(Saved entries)
>>
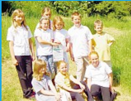
Biodiversity awards - Page 4
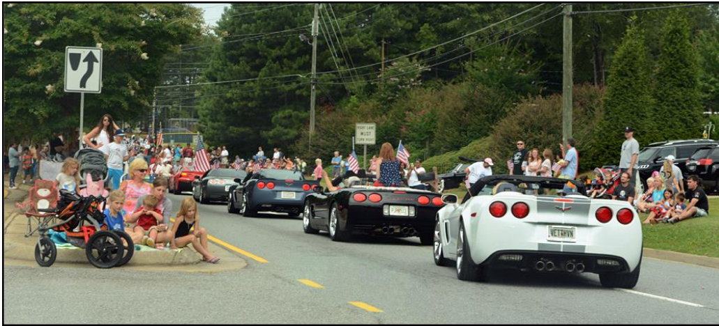
There were good crowds along almost the entire parade route. Everyone waved but as usual the kids were waiting for the floats that were throwing candy their way. We don't do that from our cars.
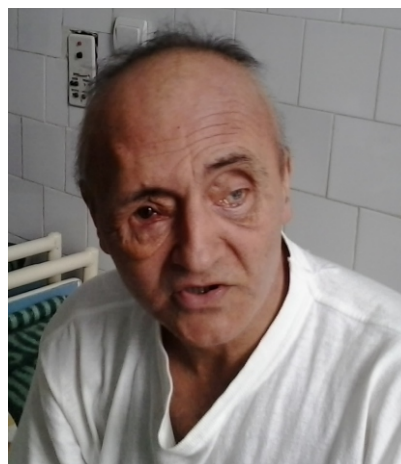
Figure 5. Resorption of the orbital tumors after chemotherapy

The patient was diagnosed with stage IVB diffuse large B-cell primary orbital lymphoma and R-CHOP (Rituximab + Cyclophosphamide, Adriablastin, Vincristin and Prednison) chemotherapy was started, which produced a rapid response. After 2 months, the patient presented with relapse. R-ICE (Rituximab + Iphosphamide, Carboplatin and Etoposide) second-line chemotherapy was started and complete remission was obtained after 4 cycles (fig. 5). However, the patient did not regain his vision due to optic nerve atrophy. He did not return for completion of the chemotherapy cycles, nor for follow-up.
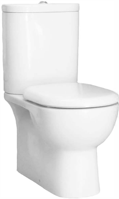
WCKENT: 370mm x 660mm x 836mm
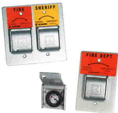
Key Switch / Heavy Stainless Cover
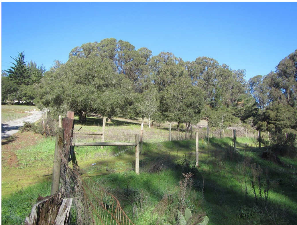
View east onto parcel 2629
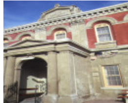
maldon district hospital chapel street maldon detail of front entrance aug1984
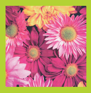
Sample print using Brother Genuine Supplies as tested by Buyers Lab

The right colour match and consistent colour production is vital – especially when it comes to things like company logos. Brother Genuine Supplies deliver a brilliant colour range and consistent colour quality from first page to last<sup>2</sup>. The non-genuine brands in Buyers Lab's tests, however, showed a small colour range and large colour variance, resulting in greater inconsistency in colour production<sup>2</sup>.
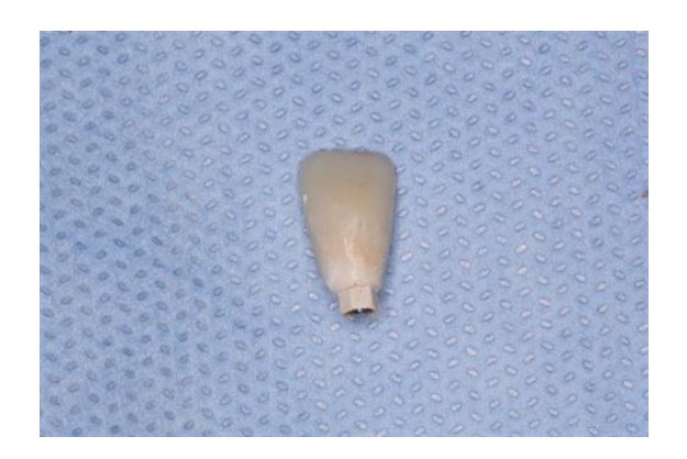
Fig.6:Peek prefab abutment with stock temp crown
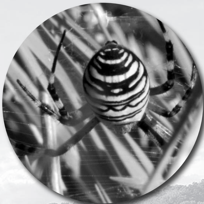
Wasp Spider in the marsh.
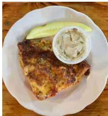
QUICHE LORAINNE AT LITTLE MOUNTAIN ANTIQUES CAFE

It's a short drive from Atlanta up I-85 to I-26. Take the toll around Greenville. Lake Murray is surrounded by Newberry, Lexington, Richland and Saluda counties. Visit: lakemurraycountry.com
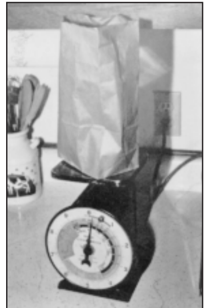
Figure 3.—Weigh your sample again. Repeat the drying and weighing until your sample's weight doesn't change.
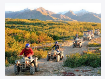
1) ATV 4-Wheeler Adventure 2 hours $150 Single Rider $250 Double Riders $350 Triple Riders $450 Quad Riders

climb, water to traverse, and mud crossings. Total tour of about covers Approximately 1 ½ hours on the actual trails.
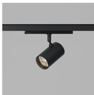
ZTA.70.Mains Track.Wall Wash
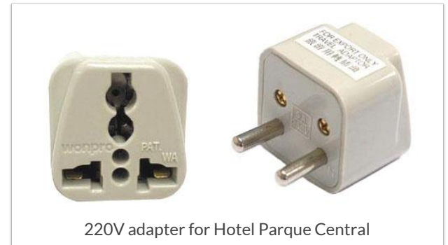
220V adapter for Hotel Parque Central

Laundry – There are no Laundromats in Cuba; however, most hotels offer a laundry service and charge on a per piece basis.
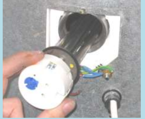
That is not an actual photo of what I did with a tank full of water but it does show what was done.
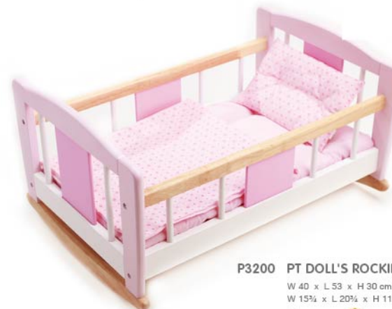
P3200 PT DOLL'S ROCKING CRADLE W 40 x L 53 x H 30 cm W 15½ x L 20½ x H 11¾ in 3y+
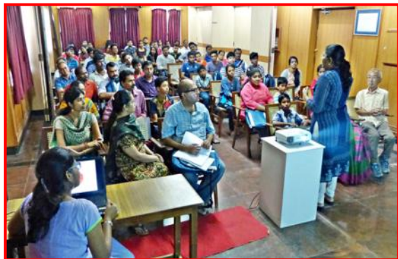
Japanese Language Class in progress
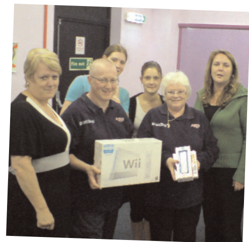
Friends of Craylands are a group of residents who hold community activities and support residents with a variety of issues
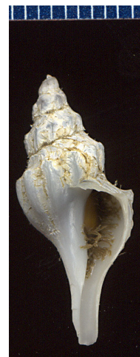
Fig. 4 - Boreotrophon avalonensis from CSD Sta. DB5, 10/17/05 318m. Scale in millimeters.

Lastly Wendy Enright shared some specimens she had brought for review. From B'08 station 7111, at 517m, was a Lirobittium sp. She was hoping for a species level ID but none was forthcoming from the members present. Next were numerous specimens of Modiolus from B'08 station 7527 at 42m. After review it was determined that all were juvenile Modiolus sacculifer . And finally a small specimen of Calliostoma also from B'08 station 7527. Due to its small size it was decided it should be left at Calliostoma sp, juvenile.
<<
*EXERCISE INSTRUCTIONS*. Give the lines again word for word, from the start of the records to the line holding "The patient was", both included, and leave out any picture.

*EXERCISE RESULT*.
Biodiversity awards - Page 4
There were good crowds along almost the entire parade route. Everyone waved but as usual the kids were waiting for the floats that were throwing candy their way. We don't do that from our cars.
Figure 5. Resorption of the orbital tumors after chemotherapy

The patient was diagnosed with stage IVB diffuse large B-cell primary orbital lymphoma and R-CHOP (Rituximab + Cyclophosphamide, Adriablastin, Vincristin and Prednison) chemotherapy was started, which produced a rapid response. After 2 months, the patient presented with relapse. R-ICE (Rituximab + Iphosphamide, Carboplatin and Etoposide) second-line chemotherapy was started and complete remission was obtained after 4 cycles (fig. 5). However, the patient did not regain his vision due to optic nerve atrophy. He did not return for completion of the chemotherapy cycles, nor for follow-up.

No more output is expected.